Doktrin Tritunggal: Wahyu Bersifat Progresif

Illustrasi Doktrin Tritunggal
Di BAPA GEREJA Pra-Nicea & Istilah Tritunggal telah saya buktikan bahwa sejak Bapa Gereja Awal atau purba (pra Nicea) telah mempercayai Yesus sebagai Allah. Demikian juga istilah 'Tritunggal' telah digunakan oleh mereka meskipun istilah 'Tritunggal' tidak terdapat di dalam Alkitab. Tentunya fakta-fakta tersebut membongkar dusta atau kebohongan Lembaga Menara Pengawal di brosur "Haruskah Anda Percaya Kepada Tritunggal" yang menulis sebaliknya.

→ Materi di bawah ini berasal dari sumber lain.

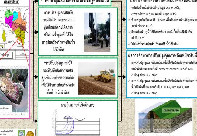 การพัฒนาการออกแบบโครงสร้างดินที่มีประสิทธิภาพเพื่อป้องกันน้ำทะเลรุกล้ำบริเวณพื้นที่ชายฝั่งทะเล เจ้าของผลงาน : สยาม ยิ้มศิริ คำสำคัญ : การรุกล้ำของน้ำทะเล, พนังกั้นน้ำเหนือผิวดิน, กำแพงทึบน้ำใต้ผิวดิน, การปรับปรุงคุณสมบัติของดิน, ปูนซีเมนต์, การทดสอบในห้องปฏิบัติการ, การวิเคราะห์เชิงตัวเลข วันที่เผยแพร่ : 20 พฤษภาคม 2565
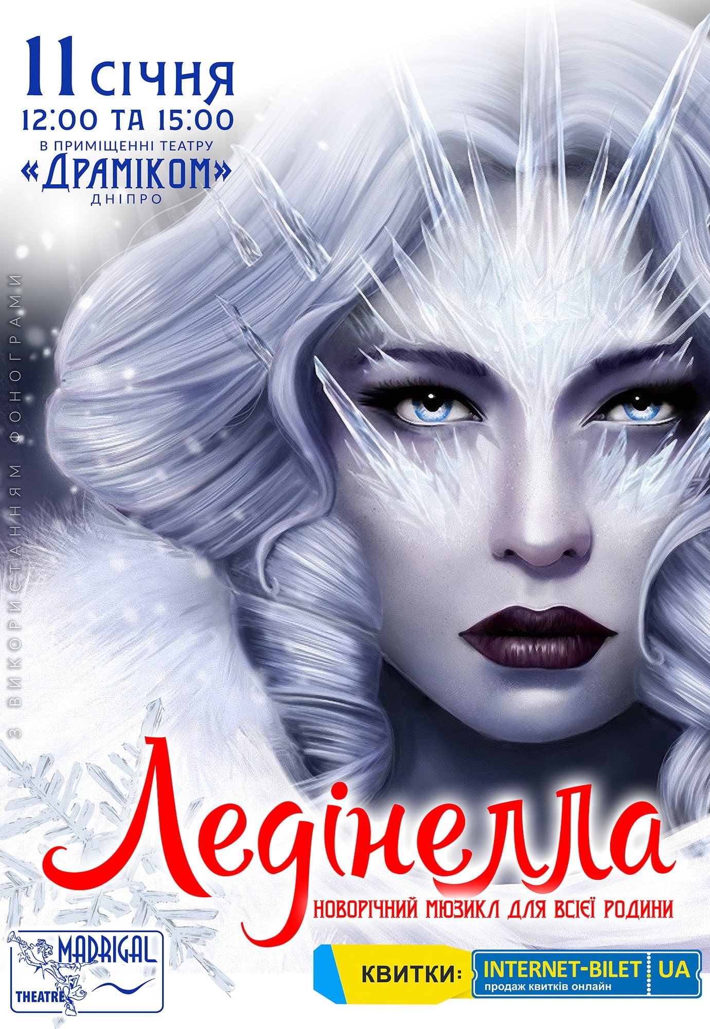 Театр "Мадрігал". Мюзикл "Ледінелла" відбудеться 11 січня 2026, 12:00, неділя в Дніпровський академічний театр драми та комедії. За допомогою сервісу internet-bilet.ua, Ви зможете з легкістю забронювати, замовити та купити квитки на концерт, спектакль, оперу, балет, майстер-класи, спортивні та дитячі заходи, що Вас цікавлять, оплативши їх найбільш зручним для Вас способом: через інтернет банківською карткою VISA/MasterCard, готівкою або кур'єром, якщо зробите замовлення квитка з доставкою.
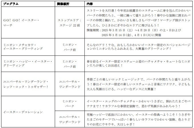 さらに、“はじめて”の冒険・刺激・熱狂の連続で、“宝もの”級の家族の思い出がつくれる場所として、数々の最新エンターテイメントに加え、“かわいい”に全身染まり、日常吹き飛ぶキュートな世界の連続に“究極ハッピー”になれるイースター・イベント『ユニバーサル・イースター・セレブレーション2025』【開催期間:2025年3月7日(金)~6月29日(日)】と、歌って踊って心の底から“超熱狂”できるストリート・ミュージック・フェス『レッツ・ロック!』【開催期間:2025年3月7日(金)より順次開始】を期間限定で開催します。
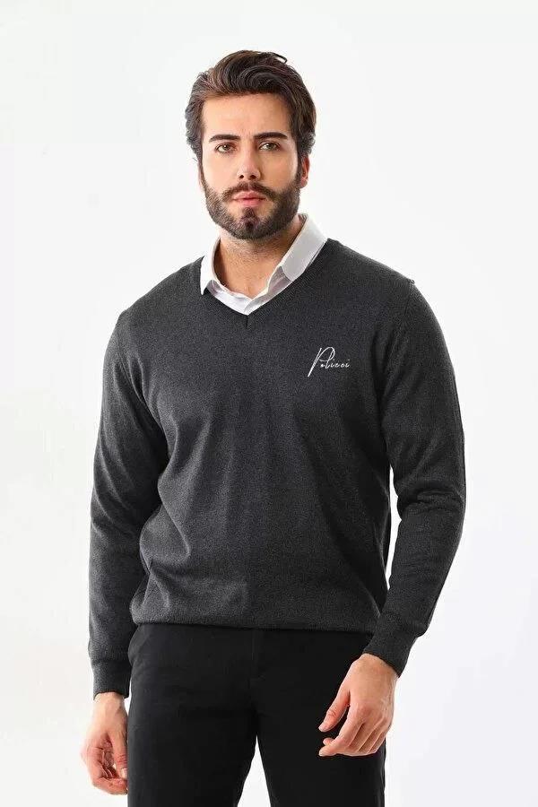 Baskılı V Yaka Uzun Kol Dokuma Triko - Füme (BMC-126872)
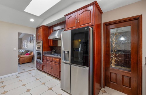 Welcome to your spacious SoCal escape! This 5-bedroom, 2.5-bath retreat comfortably sleeps 13 guests and is designed with families and groups in mind. Inside, enjoy a cozy living room with vaulted ceilings, a fully equipped kitchen, fast WiFi, and a dedicated workspace—ideal for remote work or extended stays. Outside, the fun continues in your private backyard oasis with a pool, hot tub, BBQ grill, firepit, outdoor TV, and multiple shaded lounge areas.
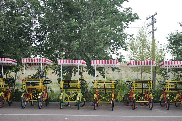 可以租自行车。个人觉得风太大,还是观光车比较好一点。
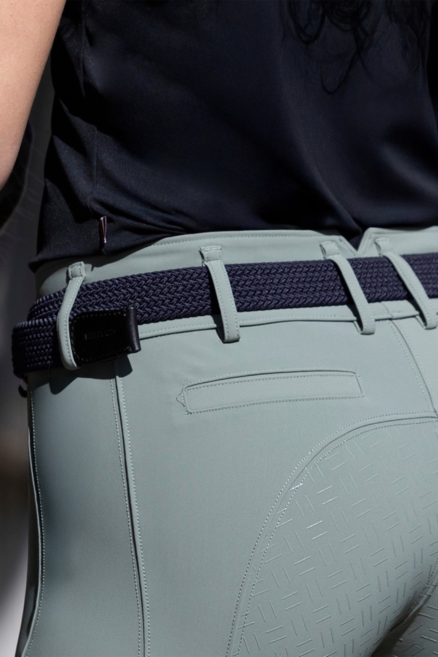 Det elastiske materiale giver sikker, men behagelig støtte i taljen og bevarer samtidig sin form over tid. Takket være den fleksible struktur kan bæltet nemt justeres for en perfekt pasform, hvilket gør det ideelt både til ridebukser og hverdagsbrug.
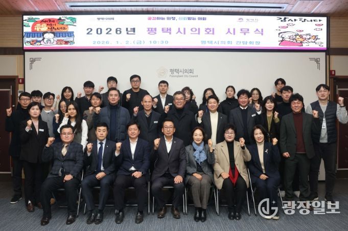 광장일보 주재영 기자 | 평택시의회는 2일, 시의회 간담회장에서 의원 및 의회사무국 직원 등 60여 명이 참석한 가운데 2026년 시무식을 가졌다.
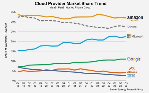 雖然大數(shù)定律繼續(xù)對云市場增長率施加下行壓力,但人工智能正在進一步推動市場。在人工智能的幫助下,有跡象表明,許多企業(yè)正經(jīng)歷勒緊褲腰帶、選擇優(yōu)化而非增長云計算業(yè)務(wù)的時期。人工智能正在幫助開發(fā)各種新的云工作負載。在經(jīng)歷了長時間的云運營限制后,龐大的中國市場也在逐步回歸更正常的增長模式。Synergy充分預(yù)計未來幾年的云增長率將保持強勁。
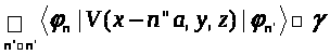 Теперь рассмотрим две такие цепочки атомов, расположенные на некотором расстоянии d друг от друга. Расстояние между атомами в первой цепочке по-прежнему a, во второй – b. Если пренебречь возможностью перескока электрона с одной цепочки на другую, то собственные волновые функции электронов будут иметь следующий вид:
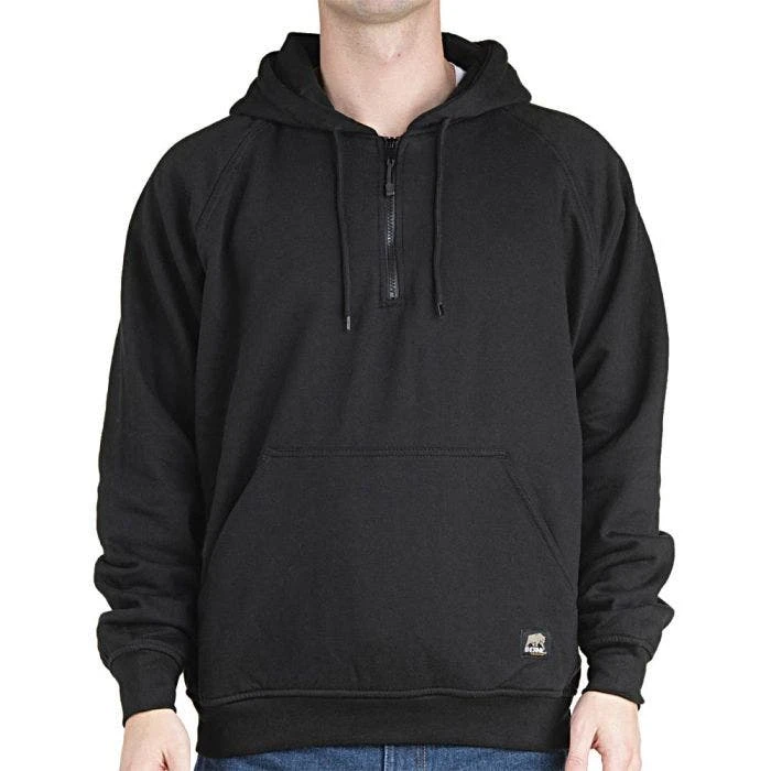 BERNE Mastic Thermal Lined Hooded Quarter Zip is a heavyweight cotton/polyester blended fleece sweatshirt with a double layered, 3 piece hood with a drawstring closure. The inside of the sweater has a 5 ounce thermal lining. It also features a large front pocket and heavyweight rib knit storm cuffs. It is designed for maximum warmth and comfort, and it is available in black and gray colors.
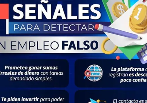 La corporación exhorta a la población a desconfiar de este tipo de ofertas laborales y verificar siempre la legitimidad de las empresas antes de compartir información personal o realizar depósitos de dinero.
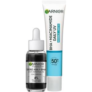 Garnier Kit Pure Active con Siero AHA + BHA Anti-Imperfezioni, e Fluido Quotidiano Anti-UV Anti-Imperfezioni con Niacinamide, con SPF 50+, Pelle Perfetta e Protetta dal sole, 30 ml + 40 ml

Menara Pengawal menulis di brosur "Haruskah Anda Percaya Kepada Tritunggal" hlm. 7-9 bahwa  ajaran Tritunggal bukanlah ajaran Alkitab karena ajaran ini berkembang dan berproses di dalam sepanjang sejarah kekristenan; mulanya keilahian Yesus diteguhkan pada konsili Nicea 325 M dan keilahian Roh Kudus di Konsili Konstantinopel pada tahun 381 M, sebagai berikut:
Bagaimana Doktrin Tritunggal Berkembang?

SAMPAI di sini saudara mungkin bertanya, ’Jika Tritunggal bukan ajaran Alkitab, bagaimana itu menjadi doktrin Susunan Kristen?’ Banyak orang berpikir bahwa ini dirumuskan pada Konsili di Nicea pada tahun 325 M.

Tetapi, hal itu tidak sepenuhnya tepat. Konsili Nicea memang meneguhkan bahwa Kristus adalah dari zat yang sama seperti Allah, dan hal ini menjadi fondasi untuk teologi Tritunggal di kemudian hari. Tetapi konsili ini tidak menyusun Tritunggal, karena dalam konsili itu sama sekali tidak disebutkan mengenai roh kudus sebagai pribadi ketiga dari suatu Keilahian tiga serangkai.

Peranan Konstantin di Nicea

SELAMA bertahun-tahun, ada banyak tentangan atas dasar Alkitab terhadap gagasan yang makin berkembang bahwa Yesus adalah Allah. Dalam upaya untuk mengakhiri pertikaian itu, penguasa Roma Konstantin memanggil semua uskup ke Nicea. Yang hadir kira-kira 300, sebagian kecil dari jumlah keseluruhan.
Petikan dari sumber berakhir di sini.